A man attending a party in 20th century Boston suddenly realizes he is naked. When security guards accost him, he has to decide what to do. Then the scene shifts to a soldier leading his men in a battle against huge insectoid aliens. Next, the retainer to a lord must race against the clock to find a legal document in a crumbling city to save his master from being executed. He is tempted to neglect his mission by an attractive courtesan. An artist competes against others in the creation of imaginative mind compositions. Finally, a man is tortured by secret police, who try to get him to reveal a secret.

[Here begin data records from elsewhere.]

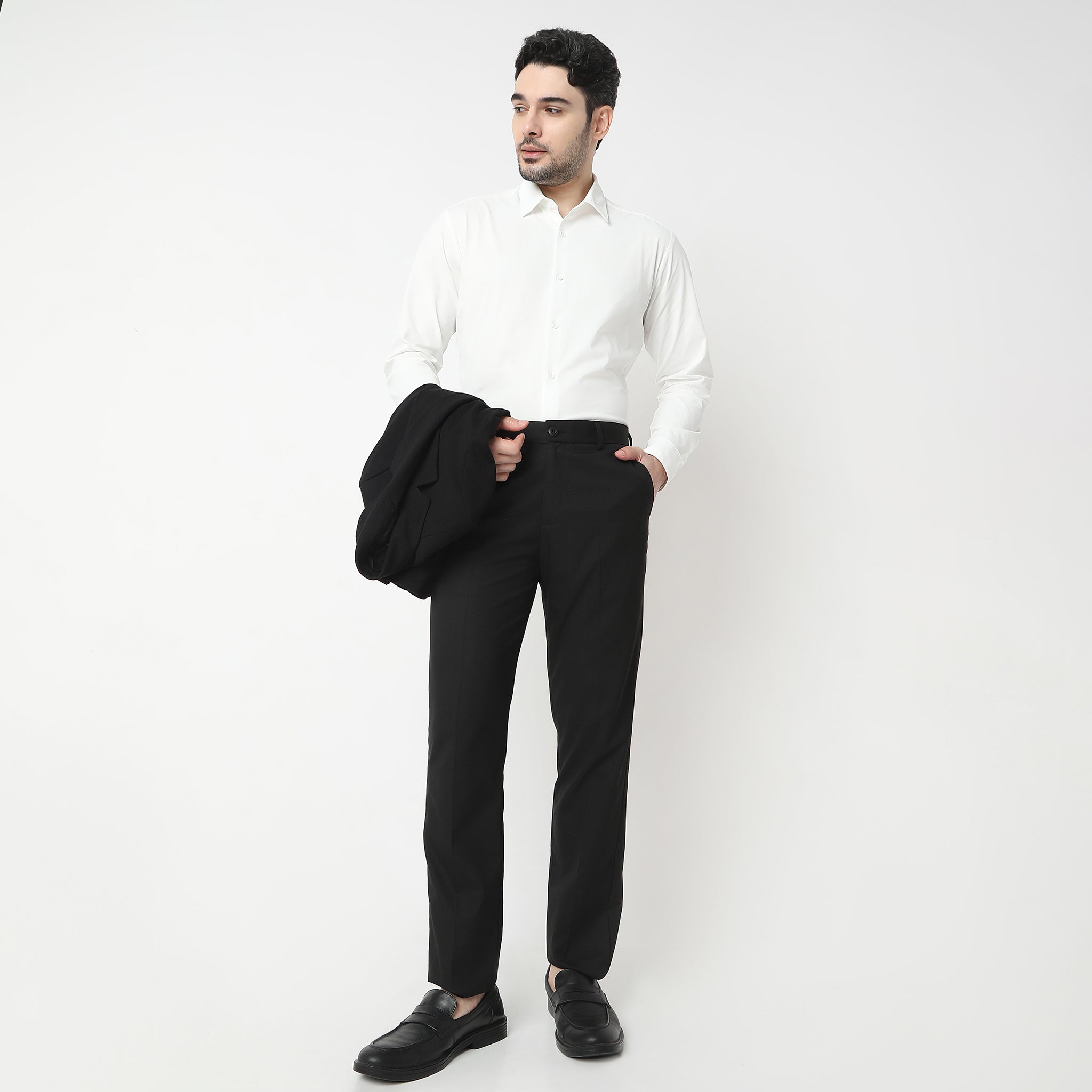Black pants create a sharp, powerful, and timeless look with a white shirt. This combination is ideal for office wear, boardroom meetings, and formal evening events.
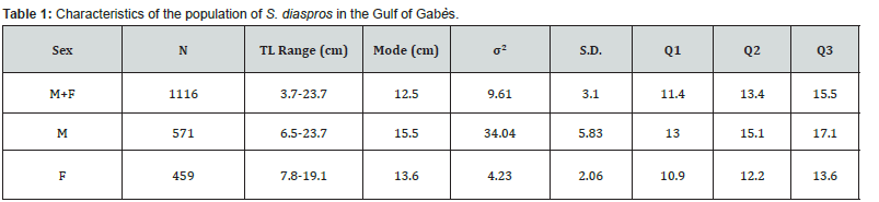 Utilizing the length-frequency data, the current study provides inferences on the population of S. diaspros in the Gulf of Gabès. We have examined the fundamental elements necessary to formulate a rational and sustainable management strategy for this species stock. Among 1116 sampled individuals, with size frequency distribution from 3.7 to 23.7 cm, the overall sex ratio (SR = 0.87) indicated a significant disparity, favoring males. The proportion of females is 46.53% and the proportion of males is 53.47%. Kartas and Quignard [51] suggest that the physiological condition of fish and fluctuations in the quantity and quality of sex-specific food may account for variations in the sex ratio and the differential susceptibility of each sex to the employed fishing gear.
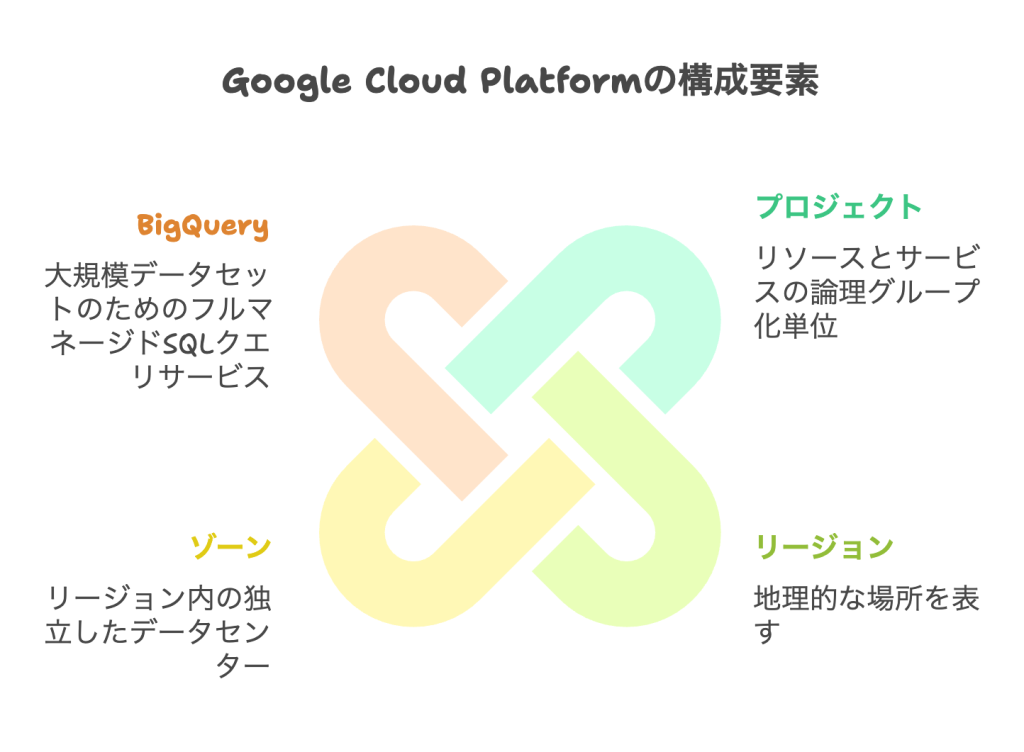 Google Cloud Platform (GCP) は、コンピューティング、ストレージ、ネットワーキング、ビッグデータ、機械学習など、幅広いクラウドサービスを提供しています。GCPの基本的な構成要素には、プロジェクト、リージョン、ゾーンがあります。プロジェクトは、リソースとサービスを論理的にグループ化する単位です。リージョンは地理的な場所を、ゾーンはリージョン内の独立したデータセンターを表します。
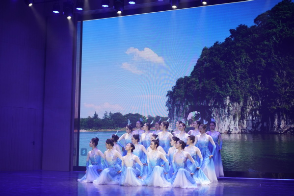 青山簇簇,漓水盈盈。群舞《象山水月》选取中国山水中的典型代表桂林山水作为表现对象,展现了一幅别有洞天的绝美画卷,描述了祖国的大好河山。
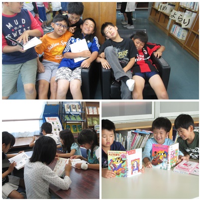 雨が幸いして、図書室は大賑わいです。高学年図書室に今日からソファーが入って、くつろぐ姿も見受けられます。本は心の栄養です。
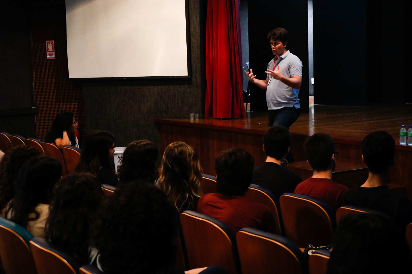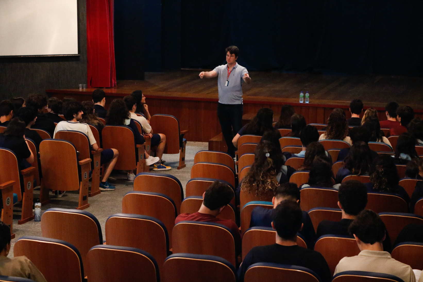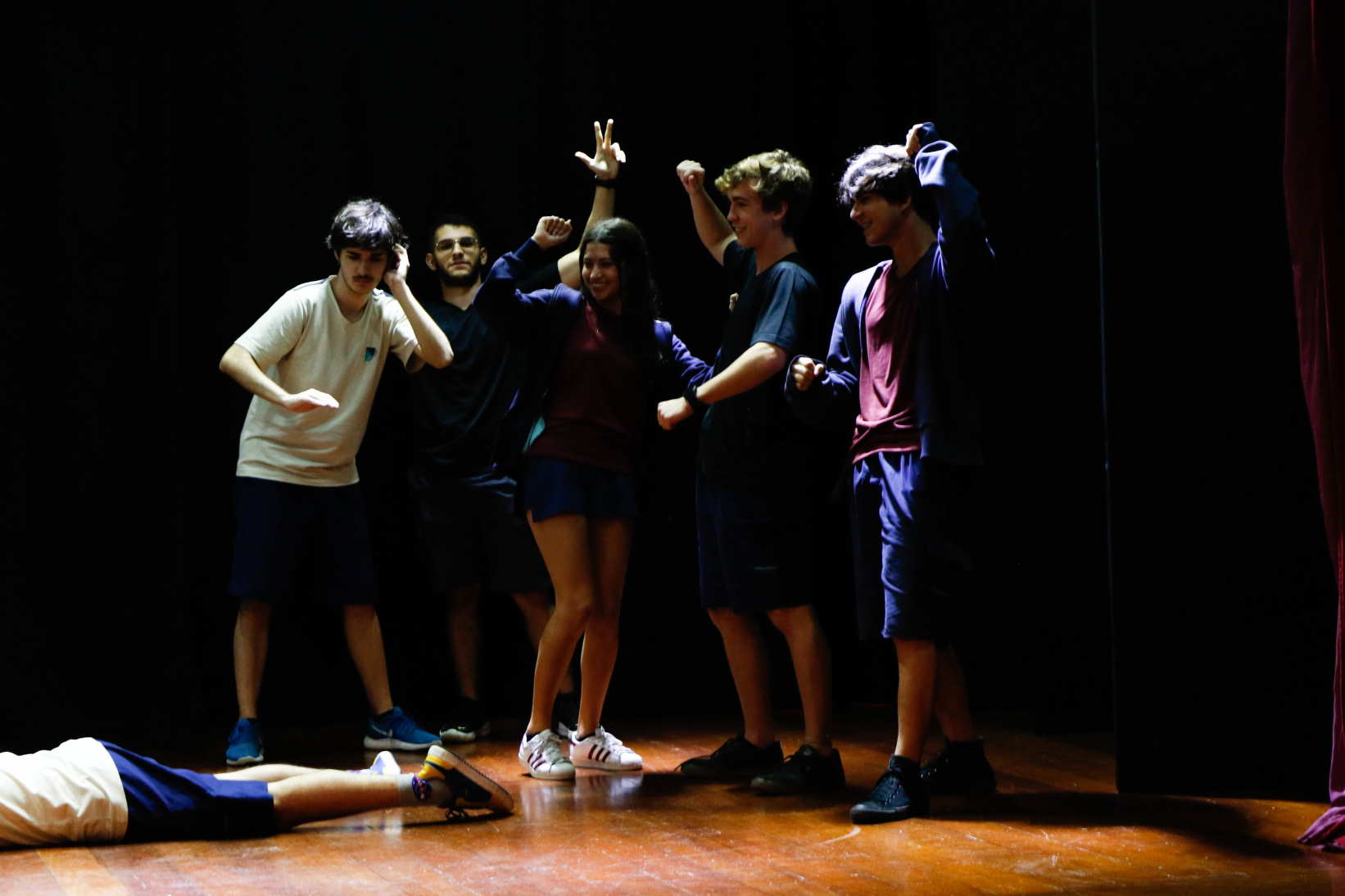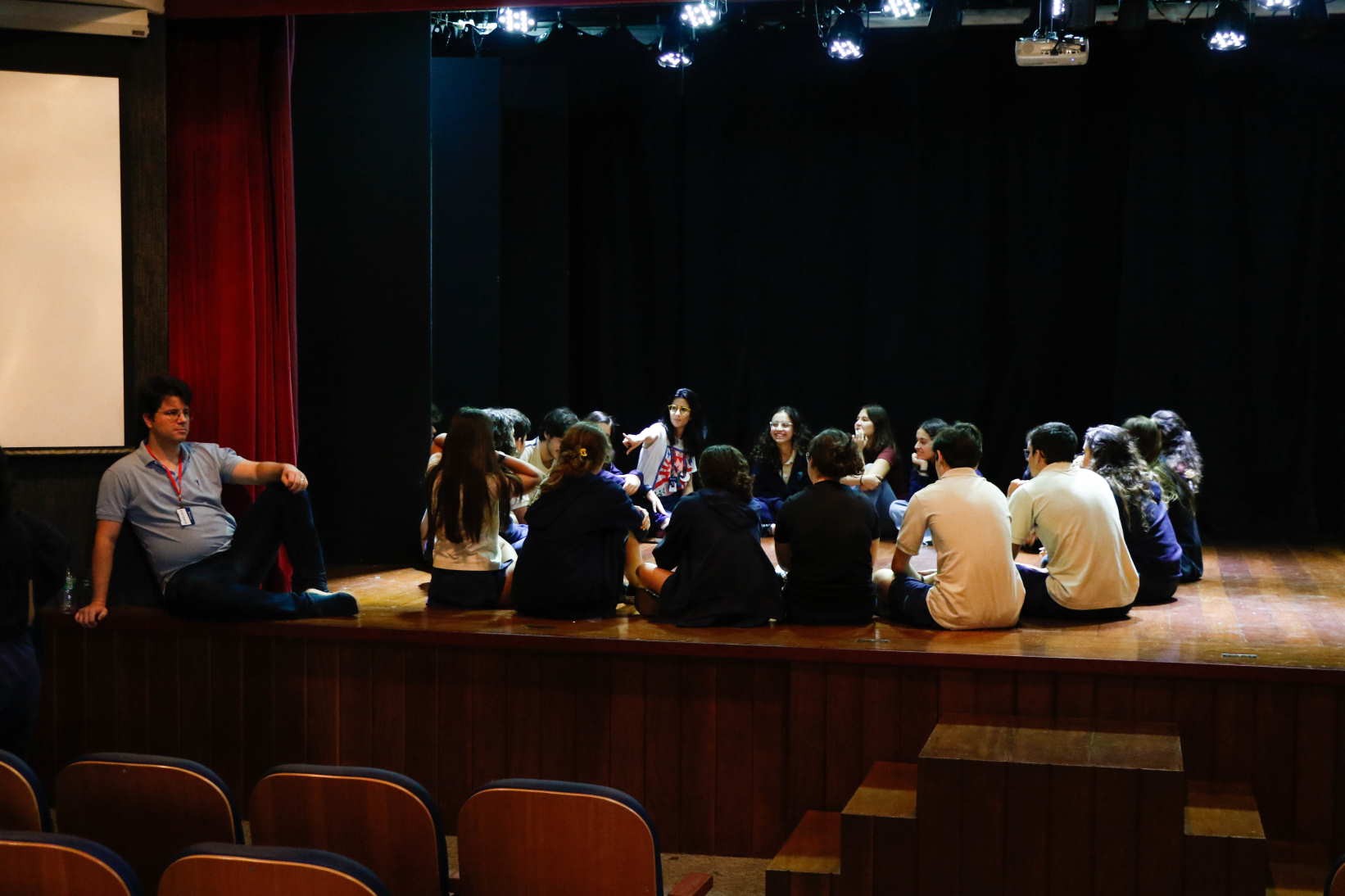 A 3ª série do Ensino Médio participou de uma aula interdisciplinar sobre a história do teatro, organizada pelos professores Milena Matta, de Música, Deborah Boechat, de Artes Visuais, Bruna Scavuzzi, de Teatro, e Frederico Jardim, de Sociologia. O foco do encontro foram os movimentos teatrais no Brasil, sobretudo o Teatro do Oprimido, método criado e sistematizado pelo teatrólogo e professor Augusto Boal.
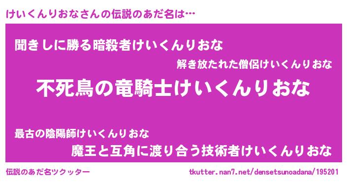 | 女子向けラノベタイトル風あだ名 | 『けいくんりおな姫と円卓の騎士』 |
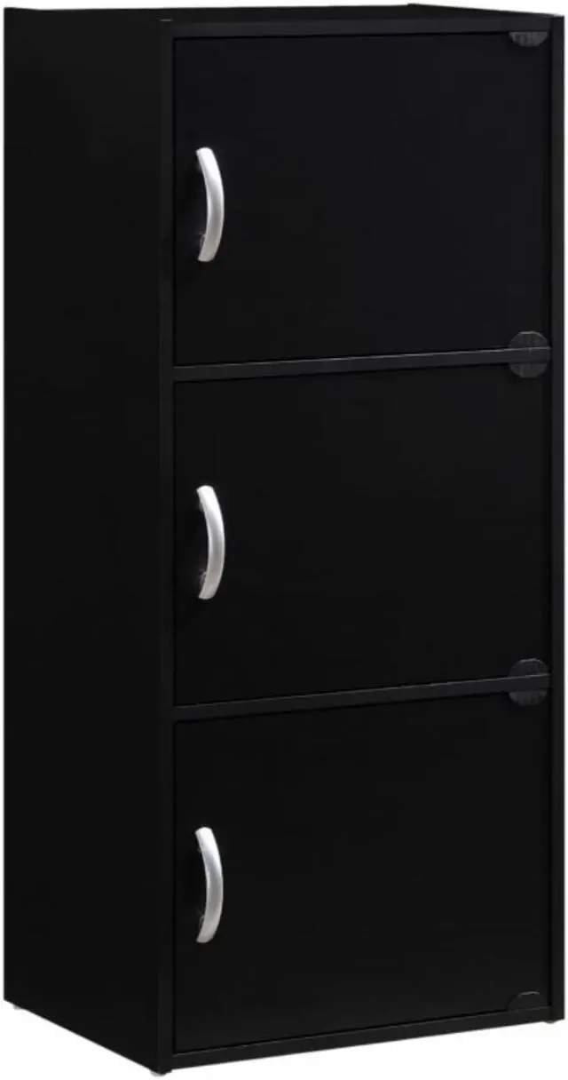pHID3 BLACK Hodedah 3-Shelf, 3-Door Bookcase in Black, Organize your home or office space with the Hodedah Multi-Purpose Bookcase. Its slim design makes it versatile for corners and limited spaces in multiple rooms. Perfect for organizing books, stationary, papers, folders and files in your office. You can place it in your child's bedroom to store toys, folded clothes, shoes and much more. You can keep it in the kitchen to store can goods, small appliances, pots and pans. Use this unit in the laundry room to store your detergent and other laundry supplies.

It turns out that each of these situations is one of a series of virtual reality tests devised by the Prime, the current leader of the galaxy, to evaluate candidates for his successor. Eleven Elders have the task of either giving the Prime a second term or choosing a new leader. The simulations test various qualities: the ability to think quickly, creativity, loyalty, and so on.

The Prime scores the highest on the tests, but the Elders choose another person. When he asks why, he is told that, because he created the tests, they tested the qualities he considers the most vital, so naturally he won. The Elders, however, feel that the nature of the tests sheds light on his deficiencies, and that other, more empathetic qualities are of greater importance.